1. Smoke test — basic scrape
curl -s -X POST https://api.fastcrw.com/v1/scrape \
-H "Authorization: Bearer $CRW_API_KEY" \
-H "Content-Type: application/json" \
-d '{"url": "https://news.ycombinator.com", "formats": ["markdown"]}' \
| python3 -m json.tool | head -30
Expected: "success": true, "markdown" field with real content.
2. Crawl smoke test
curl -s -X POST https://api.fastcrw.com/v1/crawl \
-H "Authorization: Bearer $CRW_API_KEY" \
-H "Content-Type: application/json" \
-d '{"url": "https://example.com", "maxDepth": 1, "maxPages": 3}' \
| python3 -m json.tool
Expected: {"success": true, "id": "<job-id>"}. Poll GET /v1/crawl/{id} until "status": "completed".
3. Map smoke test
curl -s -X POST https://api.fastcrw.com/v1/map \
-H "Authorization: Bearer $CRW_API_KEY" \
-H "Content-Type: application/json" \
-d '{"url": "https://example.com", "maxDepth": 1}' \
| python3 -m json.tool | head -20
Expected: "links": [...] with discovered URLs.
4. Search smoke test
curl -s -X POST https://api.fastcrw.com/v1/search \
-H "Authorization: Bearer $CRW_API_KEY" \
-H "Content-Type: application/json" \
-d '{"query": "fastcrw web scraper", "limit": 3}' \
| python3 -m json.tool | head -30
Expected: "data": {"results": [...]} with search results.

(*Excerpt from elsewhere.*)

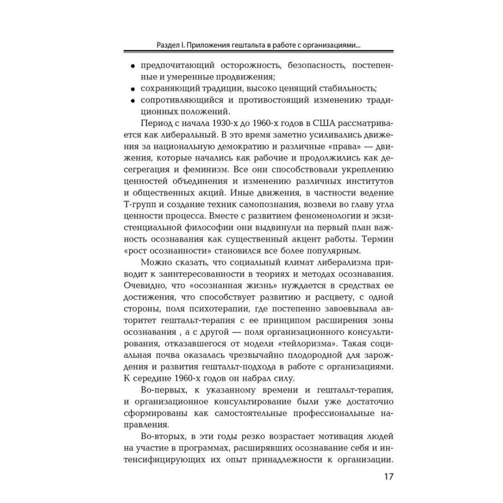 Висвітлено теоретико-методологічні засади додатків Гештальта до роботи з організаціями, проведено аналіз опорів організаційним змінам та способам їх опрацювання, описано специфічні методи Гештальту для різних організаційних рівнів. Текст містить безліч прикладів із практики.
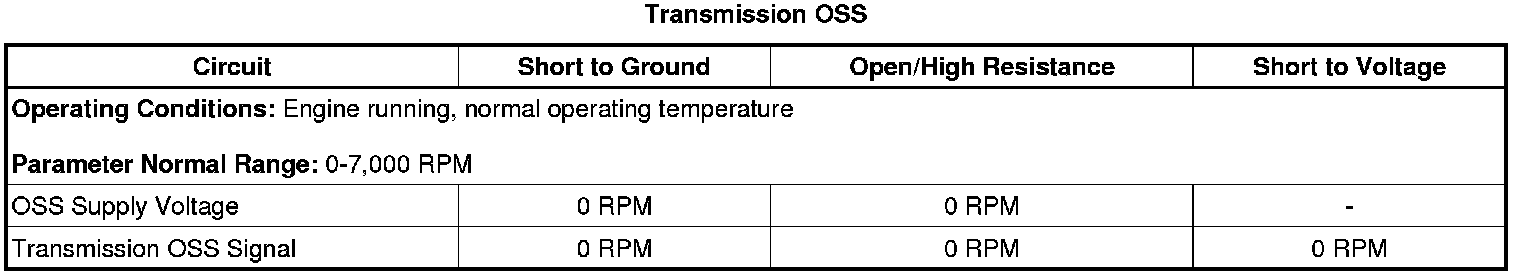 2. Operate the vehicle at 16-32 km/h (10-20 mph). Verify with a scan tool the Transmission OSS parameter varies with the vehicle speed and there are no spikes or dropouts.

5. SDK round-trip (Python)
import os
from crw import CrwClient
client = CrwClient() # CRW_API_KEY must be set
# Basic scrape
result = client.scrape("https://example.com", formats=["markdown"])
assert result.get("markdown"), "markdown field is empty"
print("scrape: OK")
# Map
links = client.map("https://example.com", max_depth=1)
assert isinstance(links, list) and len(links) > 0, "map returned no links"
print(f"map: OK ({len(links)} links)")
print("All checks passed — safe to promote to production.")
Feature-detect the engine
Use GET /v1/capabilities to confirm what the target engine supports before sending calls that depend on optional features (LLM extraction, file parsing, search):
curl -s https://api.fastcrw.com/v1/capabilities \
-H "Authorization: Bearer $CRW_API_KEY" \
| python3 -m json.tool
The response lists llm, search, documents.parsers, and formats so your code can branch instead of assuming.
What is not in scope
The following Firecrawl Cloud capabilities have no equivalent in fastCRW and are not planned:
/v1/deep-research(Spark model pipeline)/v1/agent(AI agent sessions)- Fire-engine proprietary anti-bot layer
- Rotating proxy pool (bring your own proxy via the
proxyscrape param)
For any capability not in the matrix above, check COMPATIBILITY-firecrawl.md which is the authoritative reference.